#frame #websocket-server #upgrade #opcode #header #fast-websockets

fastwebsockets-monoio

A fast RFC6455 WebSocket server implementation

1 unstable release

0.4.4 Nov 15, 2024

#101 in WebSocket

41 downloads per month

MIT/Apache

66KB
1K SLoC

Crates.io

Documentation | Benchmarks

fastwebsockets is a fast WebSocket protocol implementation.

Passes the Autobahn|TestSuite1 and fuzzed with LLVM's libfuzzer.

You can use it as a raw websocket frame parser and deal with spec compliance yourself, or you can use it as a full-fledged websocket client/server.

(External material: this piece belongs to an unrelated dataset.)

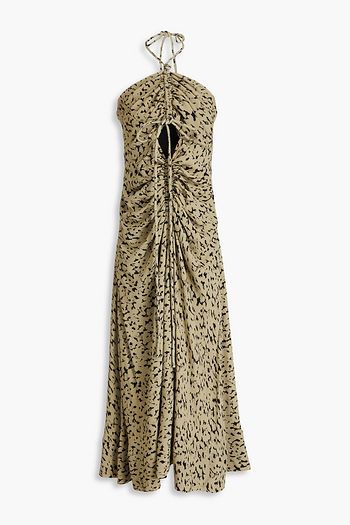 Gerafftes Neckholder-Maxikleid aus Crêpe mit Print
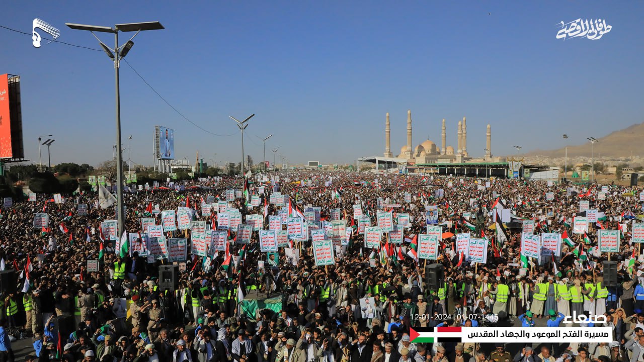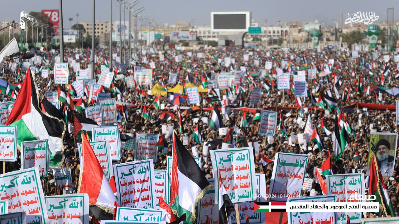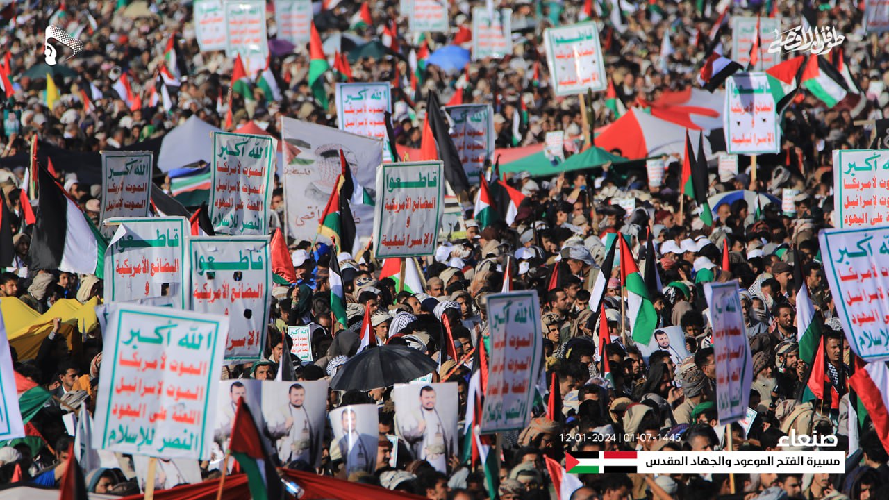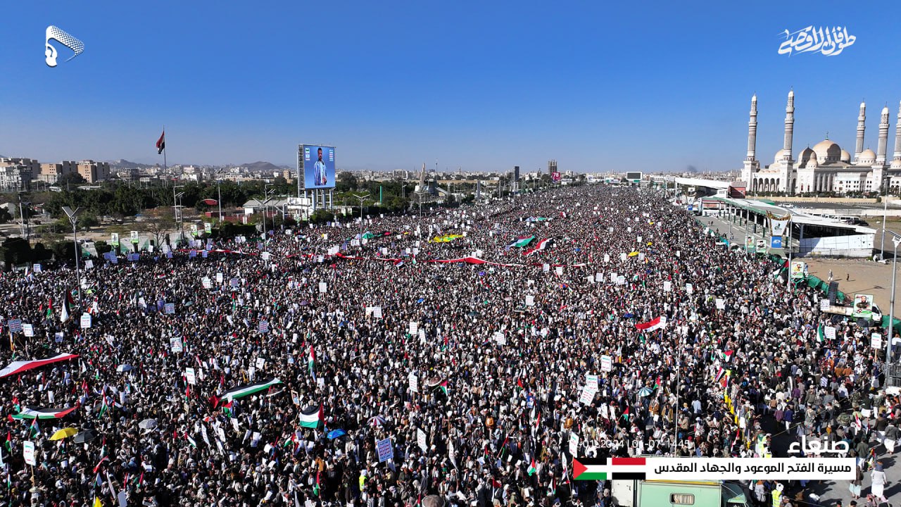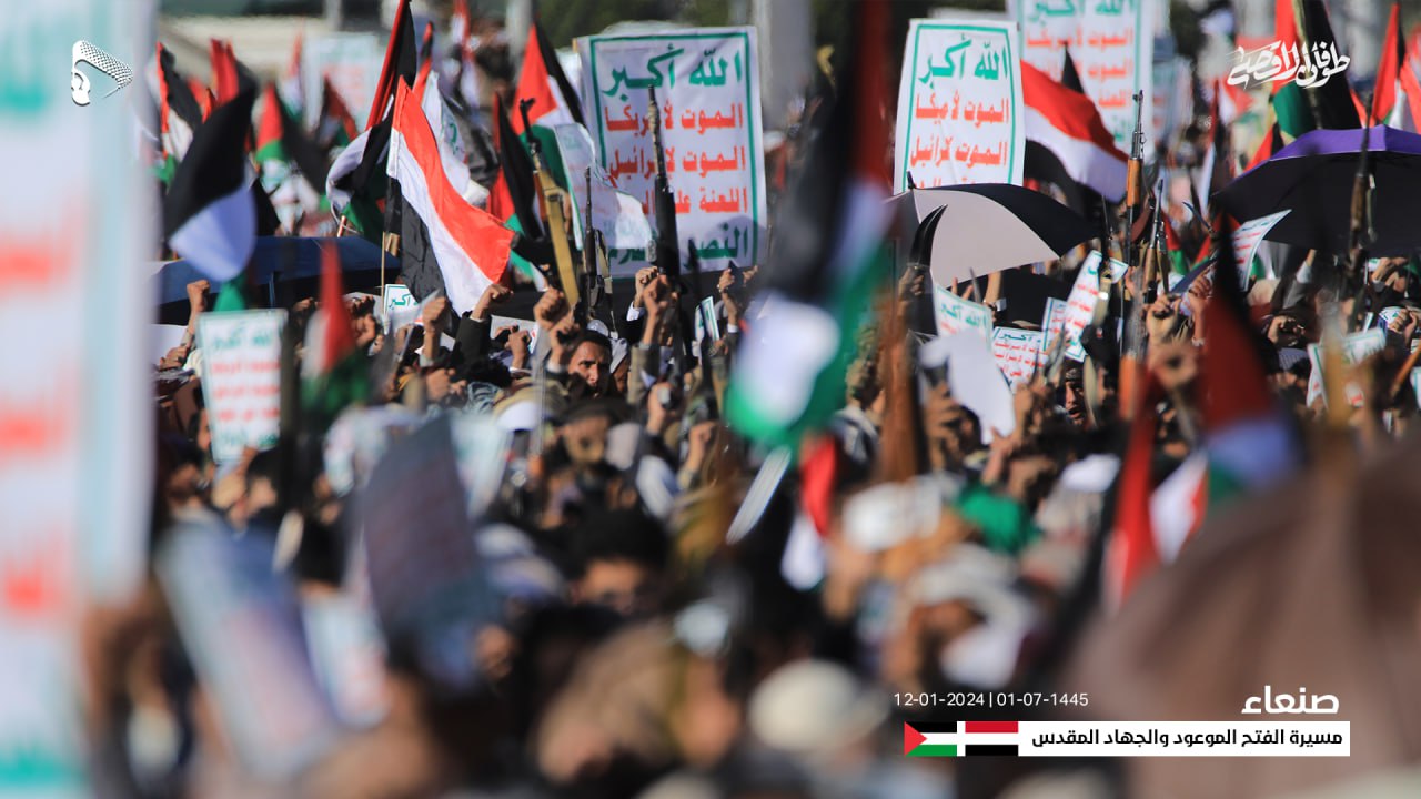 وأكدت استمرار خروج الشعب اليمني وثبات مواقفه الداعمة والمساندة للقضية الفلسطينية ونصرة مظلومية الشعب الفلسطيني وتأييد معركة “طوفان الأقصى”، وإسناد المجاهدين في غزة وفلسطين المحتلة حتى تحقيق النصر ودحر الكيان الصهيوني الغاصب.

use fastwebsockets::{Frame, OpCode, WebSocket};

async fn handle_client(
  mut socket: TcpStream,
) -> Result<(), WebSocketError> {
  handshake(&mut socket).await?;

  let mut ws = WebSocket::after_handshake(socket);
  ws.set_writev(true);
  ws.set_auto_close(true);
  ws.set_auto_pong(true);

  loop {
    let frame = ws.read_frame().await?;

    match frame {
      OpCode::Close => break,
      OpCode::Text | OpCode::Binary => {
        let frame = Frame::new(true, frame.opcode, None, frame.payload);
        ws.write_frame(frame).await?;
      }
    }
  }

  Ok(())
}

Fragmentation

By default, fastwebsockets will give the application raw frames with FIN set. Other crates like tungstenite which will give you a single message with all the frames concatenated.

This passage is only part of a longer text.